Directional transport along an atomic chain
R. Guti\'errez-J\'auregui, A. Asenjo-Garcia

TL;DR
This paper investigates how to engineer atomic waveguides for directional light transport, demonstrating conditions for mode-to-mode transmission, reduced backscattering, and robustness to disorder, with implications for quantum photonics.
Contribution
It introduces a scattering-matrix formalism to analyze directional transport in atomic waveguides and explores the trade-offs between robustness and radiative losses.
Findings
Directional waveguides enable efficient outcoupling of light.
Reduced backscattering enhances robustness against disorder.

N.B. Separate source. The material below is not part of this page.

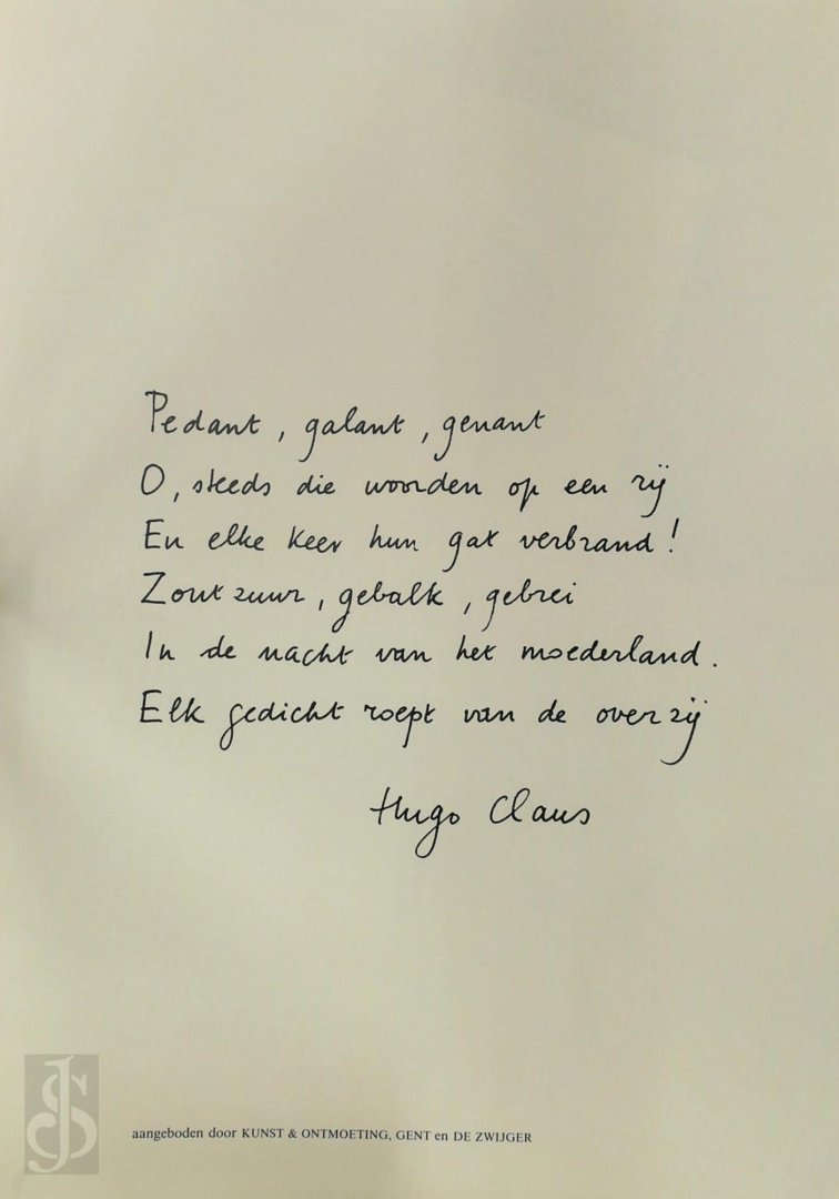| Meer info: | Rijmprent met gedicht van Hugo Claus\n'Aangeboden door Kunst & Ontmoeting, Gent en De Zwijger'\nLichtjes gekreukt ex. |

Directional waveguides are more resistant to localization but have higher radiative losses.
Abstract
Motivated by a recent prediction to engineer the dispersion relation of a waveguide constructed from atomic components [arXiv:2104.08121], we explore the possibility to create directional transport in an open, collective quantum system. The optical response of the atomic waveguide is characterized through a scattering-matrix formalism built upon theories of photoelectric detection that allows us to find the required conditions for directional mode-to-mode transmission to occur and be measured in an experimental setting. We find that directional waveguides allow for an efficient outcoupling of light by reducing backscattering channels at the edges. This reduced backscattering is seen to play a major role on the dynamics when disorder is included numerically. A directional waveguide is shown to be more robust to localization, but at the cost of increased radiative losses.